- _Problem_: Find "Элегантный лаконичный комод" and "Ethical Vietnamese Rubies" in the records below. Copy the lines holding them and every line between, exactly, and no others.

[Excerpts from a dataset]
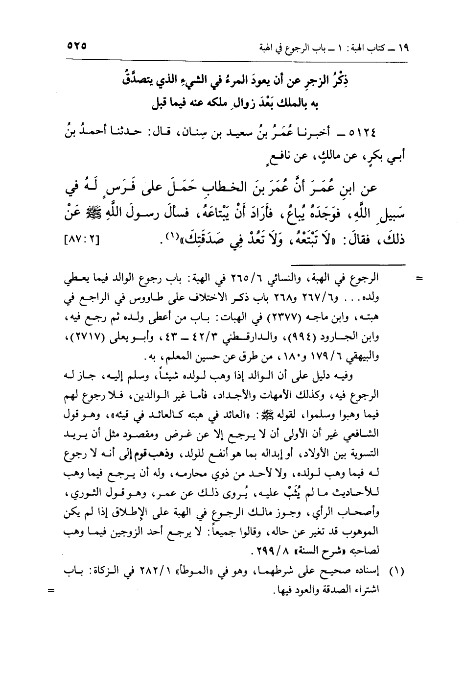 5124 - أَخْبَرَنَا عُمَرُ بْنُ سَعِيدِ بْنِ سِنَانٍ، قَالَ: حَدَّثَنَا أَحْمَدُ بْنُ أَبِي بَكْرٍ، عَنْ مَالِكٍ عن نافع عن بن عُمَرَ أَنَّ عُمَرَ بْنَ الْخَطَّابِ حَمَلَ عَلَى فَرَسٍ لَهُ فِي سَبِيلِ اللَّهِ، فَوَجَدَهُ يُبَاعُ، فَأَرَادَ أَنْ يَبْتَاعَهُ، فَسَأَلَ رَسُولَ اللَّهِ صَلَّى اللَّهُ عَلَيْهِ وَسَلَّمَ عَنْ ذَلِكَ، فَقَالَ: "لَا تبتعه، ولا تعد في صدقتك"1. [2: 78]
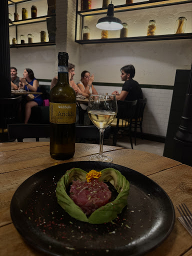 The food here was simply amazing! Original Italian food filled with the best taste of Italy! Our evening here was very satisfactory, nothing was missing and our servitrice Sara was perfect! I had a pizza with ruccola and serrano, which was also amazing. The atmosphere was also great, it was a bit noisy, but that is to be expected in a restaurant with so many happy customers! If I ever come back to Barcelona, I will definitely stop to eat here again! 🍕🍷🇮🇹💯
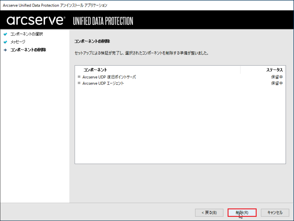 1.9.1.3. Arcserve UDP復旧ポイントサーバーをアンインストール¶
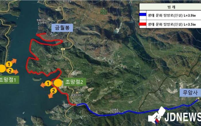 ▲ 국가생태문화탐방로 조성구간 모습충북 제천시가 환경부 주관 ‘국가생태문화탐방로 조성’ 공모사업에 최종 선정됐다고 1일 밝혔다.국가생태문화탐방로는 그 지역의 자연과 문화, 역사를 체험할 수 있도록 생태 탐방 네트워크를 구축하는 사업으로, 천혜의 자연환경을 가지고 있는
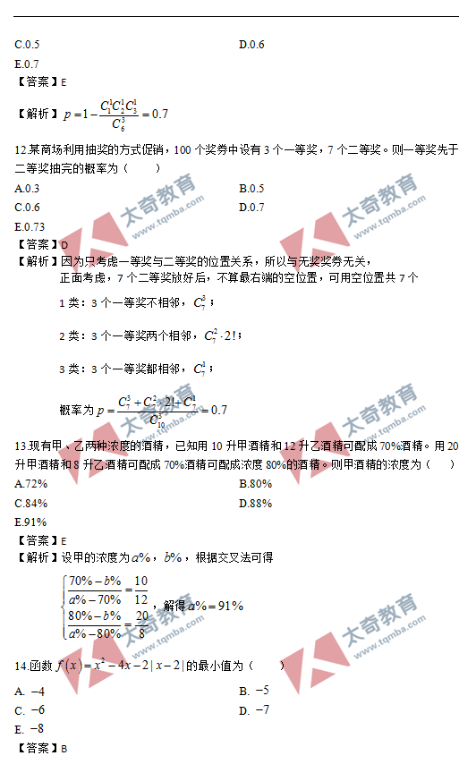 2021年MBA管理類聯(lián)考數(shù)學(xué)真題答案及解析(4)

...

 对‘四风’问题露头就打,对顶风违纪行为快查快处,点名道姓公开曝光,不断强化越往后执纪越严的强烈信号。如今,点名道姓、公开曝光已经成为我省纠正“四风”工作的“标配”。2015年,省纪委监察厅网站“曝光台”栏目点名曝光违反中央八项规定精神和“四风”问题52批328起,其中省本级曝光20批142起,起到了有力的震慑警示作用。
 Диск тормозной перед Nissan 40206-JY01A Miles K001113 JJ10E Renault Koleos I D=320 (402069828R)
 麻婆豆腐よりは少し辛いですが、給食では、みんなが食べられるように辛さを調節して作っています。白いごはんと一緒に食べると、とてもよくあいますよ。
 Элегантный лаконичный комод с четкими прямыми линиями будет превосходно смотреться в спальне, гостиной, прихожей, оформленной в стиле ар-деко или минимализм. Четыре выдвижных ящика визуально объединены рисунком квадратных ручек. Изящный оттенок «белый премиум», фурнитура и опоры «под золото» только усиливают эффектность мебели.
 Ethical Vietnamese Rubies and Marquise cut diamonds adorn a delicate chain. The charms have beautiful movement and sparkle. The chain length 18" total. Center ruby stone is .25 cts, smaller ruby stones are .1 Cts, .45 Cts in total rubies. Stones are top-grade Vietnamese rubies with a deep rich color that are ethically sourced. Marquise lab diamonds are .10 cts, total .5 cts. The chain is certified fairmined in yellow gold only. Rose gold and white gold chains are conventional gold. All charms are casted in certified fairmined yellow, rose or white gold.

- _Exercise result_:
 Элегантный лаконичный комод с четкими прямыми линиями будет превосходно смотреться в спальне, гостиной, прихожей, оформленной в стиле ар-деко или минимализм. Четыре выдвижных ящика визуально объединены рисунком квадратных ручек. Изящный оттенок «белый премиум», фурнитура и опоры «под золото» только усиливают эффектность мебели.
 Ethical Vietnamese Rubies and Marquise cut diamonds adorn a delicate chain. The charms have beautiful movement and sparkle. The chain length 18" total. Center ruby stone is .25 cts, smaller ruby stones are .1 Cts, .45 Cts in total rubies. Stones are top-grade Vietnamese rubies with a deep rich color that are ethically sourced. Marquise lab diamonds are .10 cts, total .5 cts. The chain is certified fairmined in yellow gold only. Rose gold and white gold chains are conventional gold. All charms are casted in certified fairmined yellow, rose or white gold.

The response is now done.